Prostate cancer is characterized as a  condition where “certain cells in the prostate become abnormal, multilply without control or order, and form a tumor.” While it  is one of the leading causes of death among men, not much is known about the illness’ etiology or cause. The established risk factors for prostate cancer “are advanced age, ethnicity, genetic factors and family history[.]”

However, several studies have suggested that work-related exposures to certain substances, such as chromium, have the potential of affecting the risk of getting prostate cancer.
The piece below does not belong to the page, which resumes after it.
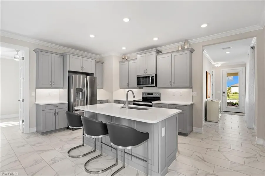 Welcome to this beautifully appointed 3 bedroom, 2 bath home built in 2023 and perfectly positioned in the highly sought after Seasons at Bonita. Designed with modern living in mind, this residence features stylish contemporary finishes throughout, including an open concept floor plan, sleek cabinetry, and upgraded fixtures that create a light, airy feel. Situated on an oversized lot, the home offers added privacy and space rarely found in the community. Enjoy tranquil lake views from the main living areas and unwind on the extended lanai, ideal for outdoor dining, entertaining, or simply relaxing while taking in the serene water backdrop. With newer construction, modern design, and a premium lot, this home combines comfort, style, and Florida living at its best, just minutes from shopping, dining, beaches, and all that Bonita Springs has to offer! Seasons is not in a flood zone. Flood i...
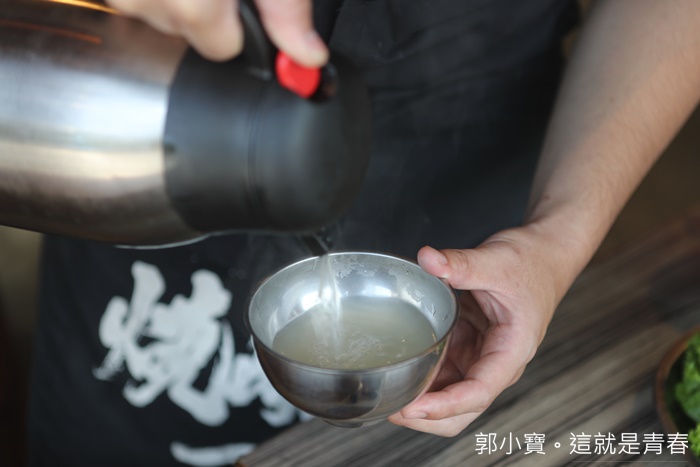 桌上的熱水瓶裝的是雞湯,是免費的,喝完會在幫客人補滿,雞湯喝起來溫潤順口,一進來就先給她喝個兩碗暖暖胃,我們一行四個人立馬瀏覽了菜單一輪就開始準備開殺了XD |

A recent study “revealed a  small but significant increase in prostate cancer risk for chromium exposure[.]”

In this case, it is undisputed that the deceased’s work included assisting the welder and machinist in cutting steel materials. It is said that “[ w ]orkers engaged in the manufacturing or handling stainless steel are exposed to chromium in varying degrees.” Thus, it is not unlikely that Imido’s work increased the risk of him contracting the disease. This probability suffices to warrant the grant of the claimed benefits.

It must be stressed that while Presidential Decree No. 626 has not incorporated “the presumption of compensability and the theory of aggravation prevalent under the ‘Workmen’s Compensation Act[,]” it continues to be “an employees’ compensation law or a  social legislation” which should be liberally construed in favor of labor.